Of that money, roughly half would go to K-12 schools and community colleges. Another $60 million to $1.5 billion would go to pay down debt or into the state’s rainy day fund. After that, half of whatever is left, up to $2 billion, would be allocated to another gigantic and voracious line item, Medi-Cal.
The problem here isn’t just where the money is going. It’s where it comes from, and how that impacts the state economy.
Though the rainy day fund passed at Brown’s behest in 2014 has brought a measure of stability to the state’s finances, the tax system is outdated, riddled with inequities and, as noted, uncomfortably reliant on the wealthy.

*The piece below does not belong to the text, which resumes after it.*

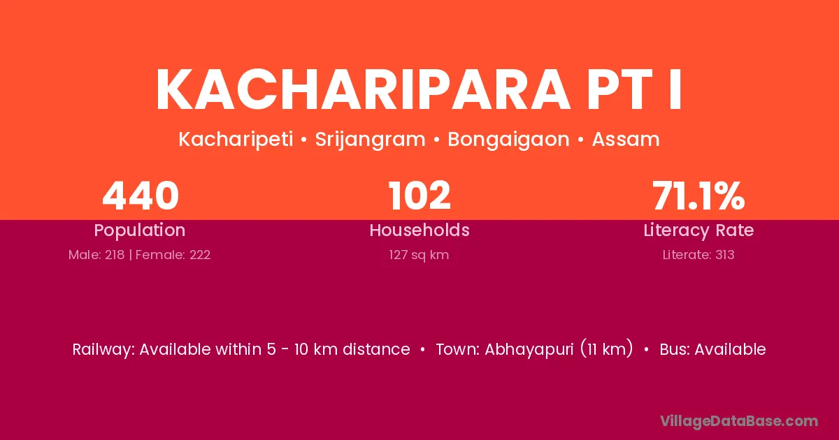 Kacharipara Pt I village has a total population of 440 people, of which 218 are males and 222 are females.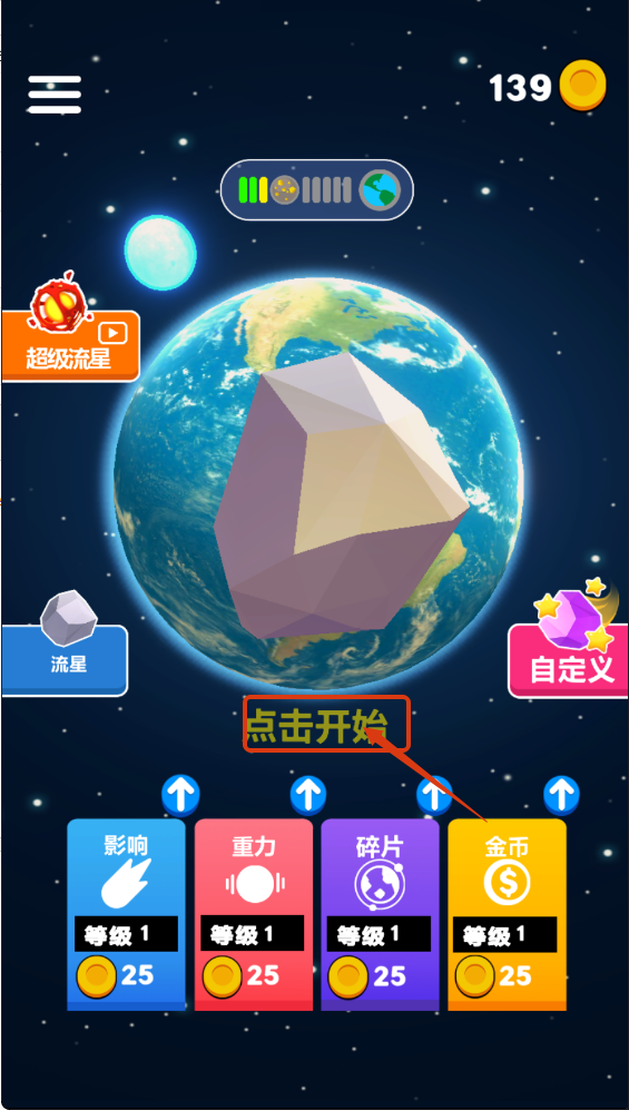 1、点击【开始】进入游戏,可消耗金币升级【影响】【重力】【碎片】【金币】等属性,提升流星撞击效果,可优先选择关键属性升级。

Though California’s economy is largely service-based, the sales tax mostly applies to manufactured items. There have been wild disparities in the taxation of commercial and residential properties since the 1978 passage of Proposition 13, which essentially got us into this revenue pickle.
Tax breaks and disparities in sin taxes on items like tobacco – but not, say, wine – complicate the picture. And more than two-thirds of the general fund now comes from personal income taxes, which made up less than a fifth of state revenue in the 1950s, according to the Legislative Analyst’s Office.
Most of that money is coming from people who, if they wanted, could afford at any time to move to no-state-income-tax Nevada. According to the Franchise Tax Board, in 2014, nearly half of California’s income taxes were paid by the top 1 percent.
If there were even a faint hope that the Legislature might summon the political will to overhaul this state’s dysfunctional tax structure, we would not be endorsing the Proposition 55 extension. Given the difficulty of such undertakings in good economic times, however, that’s not the case.
So we will settle for a plea to state lawmakers to resist the temptation to dip into the state’s rainy day fund in the short term, and to at least consider proposals by Sen. Bob Hertzberg, Controller Betty Yee and others to take a comprehensive look at state finance. We understand there is no perfect solution. But surely we are educated enough to do better than this.